Cantwell’s memoir begins after she graduates from Connecticut College 1953 and moves to New York City to be a writer. She is a Catholic from a WASPy town in Rhode Island, but passes well enough. Her mother is not impressed when she marries a Jew fairly soon after graduating. But she’d slept with him, what could she do? I don’t mean to mock. On the outside Cantwell isn’t someone I can relate to, but the quality of her writing voice really got me, both its competence and its appeal, if that makes sense. It seems like the better the writing I’m reviewing the worse my own gets.

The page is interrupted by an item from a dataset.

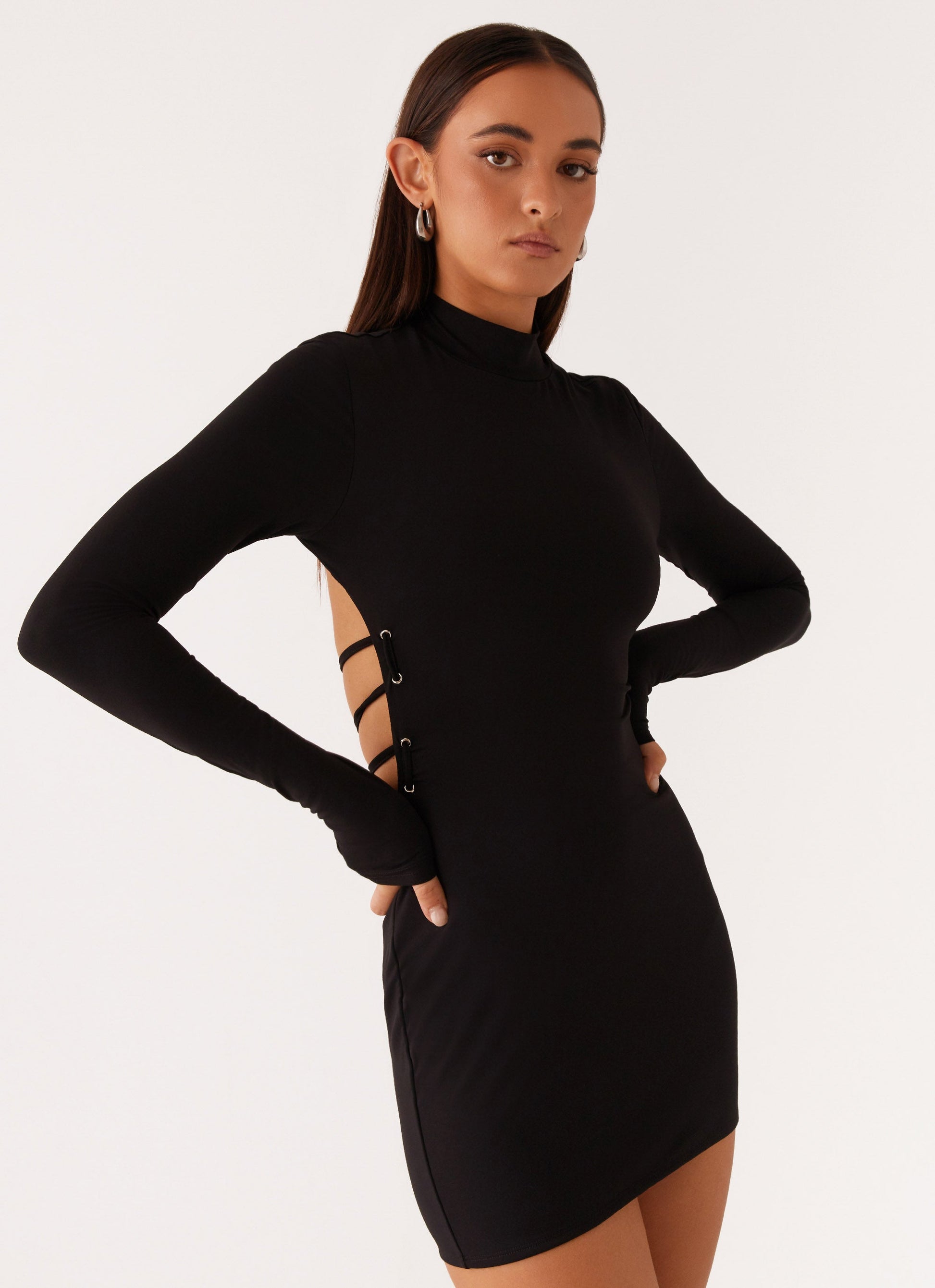 The Raven Long Sleeve Mini Dress is all about sleek sophistication. Featuring a high neckline and long fitted sleeves, it offers a chic, structured look. The open back adds an unexpected touch of allure, making this dress perfect for those who want to turn heads with style and confidence.

Here’s where she talks about her magazine writing. Maybe it just seems so clever because it’s from a different age, but it’s awfully impressive to me.

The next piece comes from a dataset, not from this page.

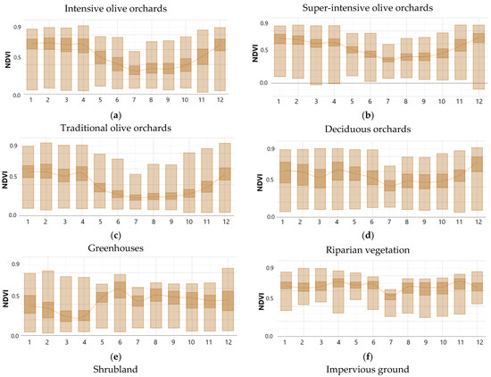 From Figure 7, we can see that deciduous orchards (Figure 7d) had very similar temporal profiles to evergreen olive orchards (Figure 7a,b). The visual examination of multi-temporal VHR Google imagery showed that this was often caused by intercropping practices or natural grass growth during the winter months, which biased the reflectance profile (see Figure 8). Riparian vegetation also showed high NDVI values throughout the year (Figure 7f).

Working for Vogue, like working for Mademoiselle, would be like eating marshmallows all the time. Even so, writing “Jerry Lewis, thin, dark, and crazy-nuts funny” struck me as a big step up from writing “Plum-perfect taffeta, pleated to within an inch of its life.”
And here’s the kind of stuff I can relate to:
Women without men, women without work. There but for the grace of good typing go I. “But you’ll never be like that, Mary,” the people whom I was with protested when I confided my fear of ending up on a Spanish barstool with teethmarks on one breast. “I am, I am,” I insisted, laughing. They thought I was kidding. I was not.

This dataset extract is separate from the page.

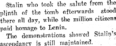 Stalin who took the salute from the plinth of the tomb afterwards stood there all day, while the million citizens paid homage to Lenin. The demonstrations showed Stalin’s ascendancy is still maintained.

She’s accomplished and yet feels that it’s luck that got her to where she is and that it could all be taken away at any moment.
I also like her analysis of what writing is all about:
Where I am now [The New York Times] is a very grownup place, and writing editorials is a very grownup occupation. But to me it seems that I have come full circle, that I am copywriting all over again. Describing a dress and describing social policy take the same set of knacks: the ability to analyze, clarify, and compress.
Highlights are scenes from her young marriage--the playing house, the insecurities, codependence; loving her children too much; work at fashion magazines in the 1950s and 60s. If you’re more of a homemaker and cook than I am, and who isn’t?, you’re also likely to enjoy her discussing decorating her various west village apartments and learning how to cook.
Plus, in my early middle-age, I'm a sucker for "when I was young" nostalgia.
I’m really looking forward to reading the stories that sandwich Manhattan When I Was Young in her Manhattan Memoir trilogy.
CATS: She references having some cats and dogs way at the end.